**DATASET RECORDS:**
####

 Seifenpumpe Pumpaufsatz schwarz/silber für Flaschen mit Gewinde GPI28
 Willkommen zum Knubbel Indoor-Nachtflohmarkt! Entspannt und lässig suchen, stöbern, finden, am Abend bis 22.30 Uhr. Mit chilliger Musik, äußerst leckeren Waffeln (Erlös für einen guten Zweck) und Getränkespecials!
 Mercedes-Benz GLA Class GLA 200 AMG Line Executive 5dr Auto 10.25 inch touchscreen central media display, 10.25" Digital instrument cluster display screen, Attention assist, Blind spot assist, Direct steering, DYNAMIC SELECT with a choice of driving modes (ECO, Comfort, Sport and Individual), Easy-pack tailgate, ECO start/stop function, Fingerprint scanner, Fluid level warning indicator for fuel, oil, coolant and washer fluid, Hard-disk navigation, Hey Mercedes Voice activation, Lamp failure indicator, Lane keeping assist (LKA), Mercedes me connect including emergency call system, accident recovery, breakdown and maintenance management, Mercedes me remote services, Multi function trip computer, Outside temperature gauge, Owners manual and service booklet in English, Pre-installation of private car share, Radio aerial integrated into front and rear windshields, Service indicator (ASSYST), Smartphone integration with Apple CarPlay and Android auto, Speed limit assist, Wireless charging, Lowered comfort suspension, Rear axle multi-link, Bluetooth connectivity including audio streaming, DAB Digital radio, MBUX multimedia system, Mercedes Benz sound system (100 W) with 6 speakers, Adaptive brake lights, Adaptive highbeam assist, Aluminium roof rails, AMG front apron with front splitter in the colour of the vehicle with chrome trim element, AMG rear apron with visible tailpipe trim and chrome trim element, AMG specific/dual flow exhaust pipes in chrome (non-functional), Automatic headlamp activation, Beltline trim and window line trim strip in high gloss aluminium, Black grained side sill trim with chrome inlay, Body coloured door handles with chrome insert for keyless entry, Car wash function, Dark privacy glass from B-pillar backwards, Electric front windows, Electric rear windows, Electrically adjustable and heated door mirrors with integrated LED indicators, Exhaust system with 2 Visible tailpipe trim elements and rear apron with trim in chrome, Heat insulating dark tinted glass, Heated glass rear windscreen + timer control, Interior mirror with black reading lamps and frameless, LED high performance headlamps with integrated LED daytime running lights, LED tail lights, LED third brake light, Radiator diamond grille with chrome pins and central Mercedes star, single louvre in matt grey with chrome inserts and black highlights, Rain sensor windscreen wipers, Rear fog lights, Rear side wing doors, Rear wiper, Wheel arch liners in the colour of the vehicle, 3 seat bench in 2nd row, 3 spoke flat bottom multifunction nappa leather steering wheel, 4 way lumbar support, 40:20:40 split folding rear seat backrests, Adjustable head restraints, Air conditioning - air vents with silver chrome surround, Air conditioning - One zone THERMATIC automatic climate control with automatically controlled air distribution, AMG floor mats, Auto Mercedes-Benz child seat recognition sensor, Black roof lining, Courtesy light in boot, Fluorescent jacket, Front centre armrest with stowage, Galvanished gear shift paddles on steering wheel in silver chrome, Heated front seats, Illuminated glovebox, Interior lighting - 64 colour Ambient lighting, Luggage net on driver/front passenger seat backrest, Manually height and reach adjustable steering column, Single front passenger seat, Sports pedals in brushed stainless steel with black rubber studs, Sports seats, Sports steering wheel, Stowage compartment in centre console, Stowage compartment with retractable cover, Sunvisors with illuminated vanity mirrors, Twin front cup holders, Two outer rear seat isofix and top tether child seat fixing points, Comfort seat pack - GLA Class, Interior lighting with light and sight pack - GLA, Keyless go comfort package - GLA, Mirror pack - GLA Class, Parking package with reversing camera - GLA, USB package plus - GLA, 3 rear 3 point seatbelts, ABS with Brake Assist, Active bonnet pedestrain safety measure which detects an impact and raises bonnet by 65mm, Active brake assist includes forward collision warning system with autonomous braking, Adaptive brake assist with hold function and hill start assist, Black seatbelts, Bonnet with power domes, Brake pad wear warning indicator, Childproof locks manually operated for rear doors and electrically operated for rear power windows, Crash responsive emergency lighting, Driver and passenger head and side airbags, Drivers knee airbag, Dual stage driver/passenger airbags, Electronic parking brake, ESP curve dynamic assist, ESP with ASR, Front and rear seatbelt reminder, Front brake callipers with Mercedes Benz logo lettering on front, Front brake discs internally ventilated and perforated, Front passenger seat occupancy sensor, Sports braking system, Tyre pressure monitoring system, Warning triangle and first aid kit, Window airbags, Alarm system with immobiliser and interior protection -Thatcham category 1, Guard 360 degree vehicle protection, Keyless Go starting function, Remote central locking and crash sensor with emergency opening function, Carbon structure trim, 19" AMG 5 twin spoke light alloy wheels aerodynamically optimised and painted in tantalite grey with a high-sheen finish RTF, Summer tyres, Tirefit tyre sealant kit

####

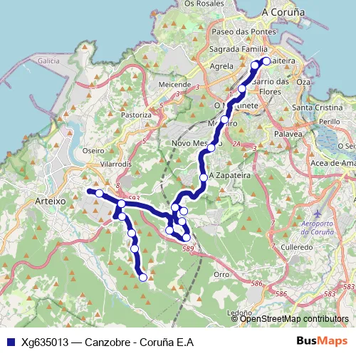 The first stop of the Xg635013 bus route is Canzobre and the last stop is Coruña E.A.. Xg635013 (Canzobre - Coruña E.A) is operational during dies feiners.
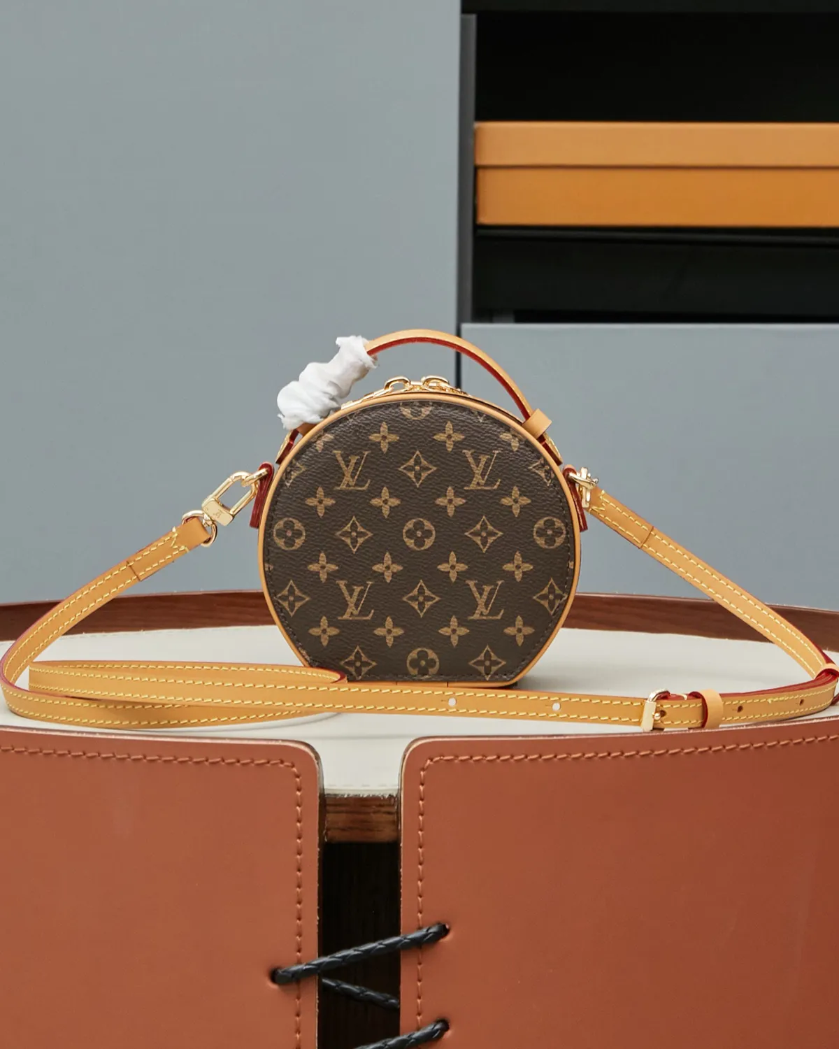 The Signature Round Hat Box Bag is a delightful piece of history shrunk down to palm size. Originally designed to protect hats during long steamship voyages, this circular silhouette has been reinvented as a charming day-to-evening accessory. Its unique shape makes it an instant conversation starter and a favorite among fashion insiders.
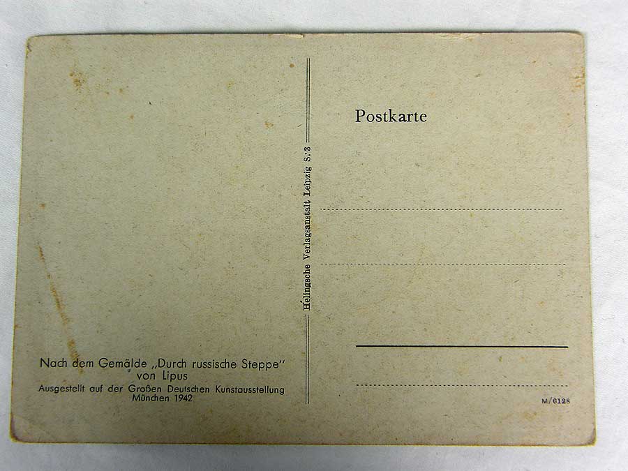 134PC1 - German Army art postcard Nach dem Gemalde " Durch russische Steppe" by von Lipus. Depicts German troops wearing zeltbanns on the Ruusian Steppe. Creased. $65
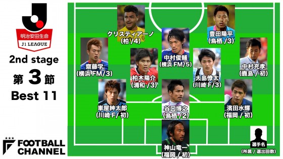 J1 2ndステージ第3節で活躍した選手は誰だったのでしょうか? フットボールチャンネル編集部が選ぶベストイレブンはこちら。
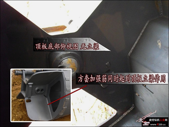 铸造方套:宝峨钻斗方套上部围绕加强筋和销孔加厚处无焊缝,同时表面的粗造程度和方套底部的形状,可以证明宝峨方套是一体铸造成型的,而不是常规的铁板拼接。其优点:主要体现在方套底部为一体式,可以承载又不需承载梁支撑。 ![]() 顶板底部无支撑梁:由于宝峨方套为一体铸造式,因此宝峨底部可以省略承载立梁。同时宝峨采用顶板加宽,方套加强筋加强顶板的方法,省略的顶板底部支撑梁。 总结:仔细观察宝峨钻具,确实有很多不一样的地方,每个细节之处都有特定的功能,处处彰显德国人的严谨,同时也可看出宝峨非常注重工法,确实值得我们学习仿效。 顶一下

####

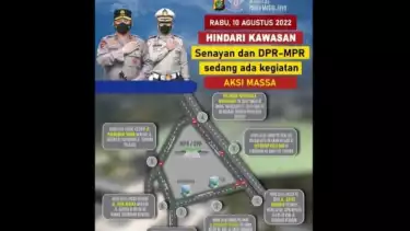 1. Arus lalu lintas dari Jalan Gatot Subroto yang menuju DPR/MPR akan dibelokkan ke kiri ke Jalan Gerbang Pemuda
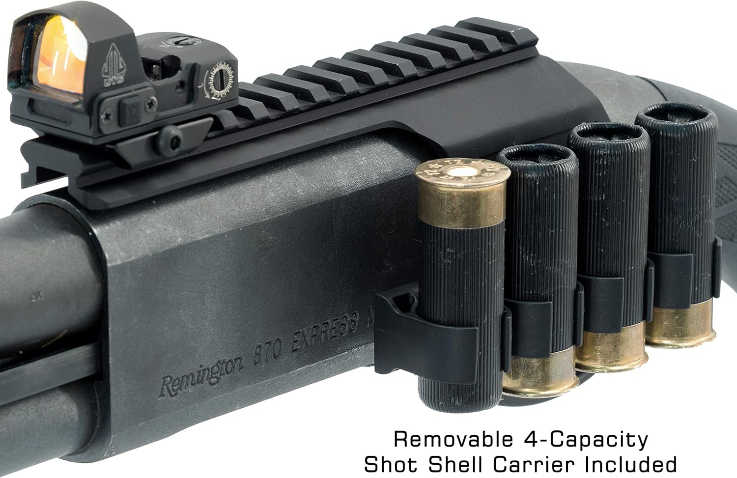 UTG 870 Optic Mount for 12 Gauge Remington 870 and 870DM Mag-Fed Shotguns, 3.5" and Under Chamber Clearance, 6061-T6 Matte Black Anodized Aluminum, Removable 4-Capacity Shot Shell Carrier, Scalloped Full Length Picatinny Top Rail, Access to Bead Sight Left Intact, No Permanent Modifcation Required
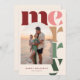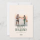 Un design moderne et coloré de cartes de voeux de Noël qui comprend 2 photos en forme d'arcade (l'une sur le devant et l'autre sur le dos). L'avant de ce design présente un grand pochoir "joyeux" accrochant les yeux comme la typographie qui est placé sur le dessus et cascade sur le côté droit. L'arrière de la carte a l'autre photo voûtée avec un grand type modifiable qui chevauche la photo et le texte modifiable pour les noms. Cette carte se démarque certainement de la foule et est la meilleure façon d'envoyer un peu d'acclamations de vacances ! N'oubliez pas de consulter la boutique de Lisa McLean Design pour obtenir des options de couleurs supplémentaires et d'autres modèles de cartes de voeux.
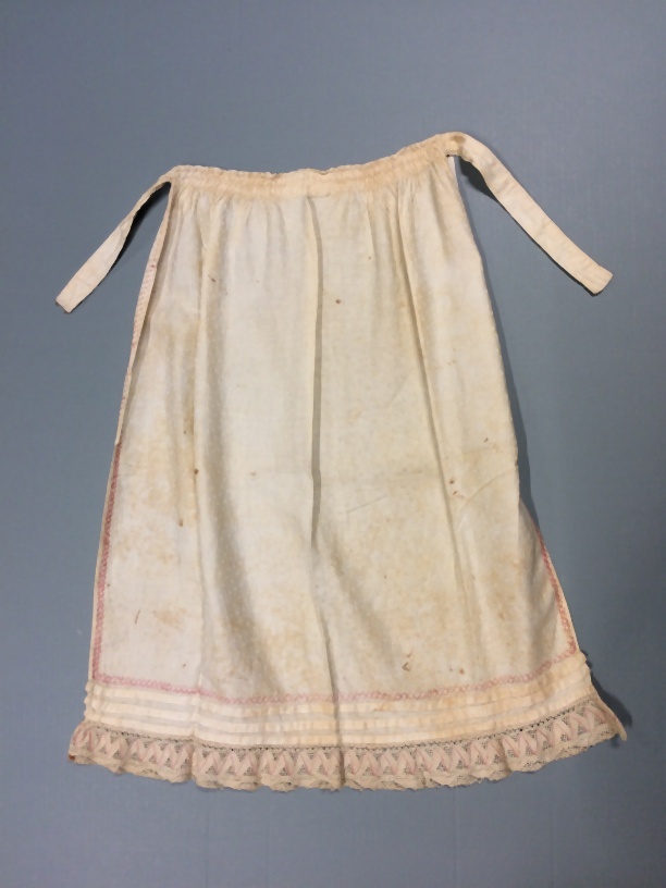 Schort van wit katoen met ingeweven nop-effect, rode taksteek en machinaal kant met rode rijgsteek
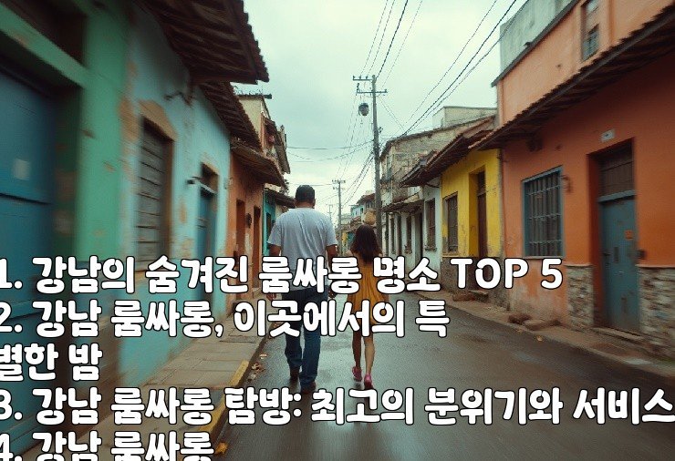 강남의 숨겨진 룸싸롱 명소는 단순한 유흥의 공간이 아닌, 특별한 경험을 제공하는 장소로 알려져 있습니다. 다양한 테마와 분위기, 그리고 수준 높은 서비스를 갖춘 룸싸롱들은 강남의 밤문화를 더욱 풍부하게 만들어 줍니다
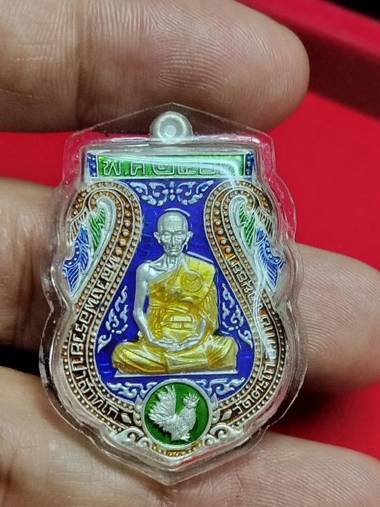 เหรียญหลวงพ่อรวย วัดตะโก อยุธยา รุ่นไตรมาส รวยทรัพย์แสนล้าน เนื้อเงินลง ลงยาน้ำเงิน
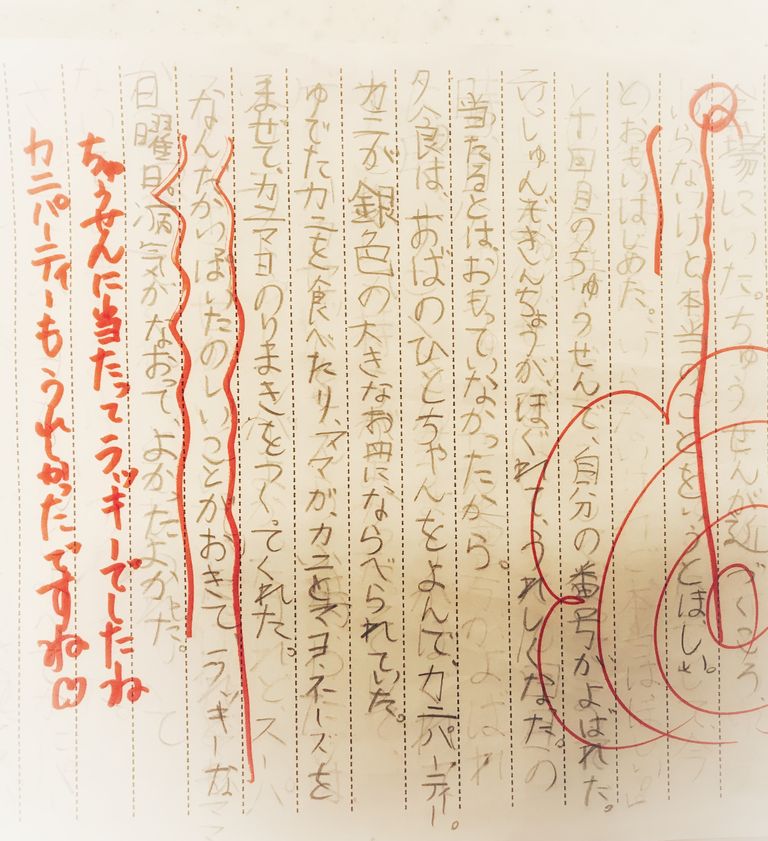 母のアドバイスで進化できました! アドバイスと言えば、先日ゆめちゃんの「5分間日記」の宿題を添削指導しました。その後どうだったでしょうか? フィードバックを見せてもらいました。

####

**WHAT YOU HAVE TO DO:** Copy out only the lines of the records above from the one with "Seifenpumpe Pumpaufsatz schwarz/silber" through the one with "Willkommen zum Knubbel", exactly as they stand, both included.

**ANSWER BOX:**
 Seifenpumpe Pumpaufsatz schwarz/silber für Flaschen mit Gewinde GPI28
 Willkommen zum Knubbel Indoor-Nachtflohmarkt! Entspannt und lässig suchen, stöbern, finden, am Abend bis 22.30 Uhr. Mit chilliger Musik, äußerst leckeren Waffeln (Erlös für einen guten Zweck) und Getränkespecials!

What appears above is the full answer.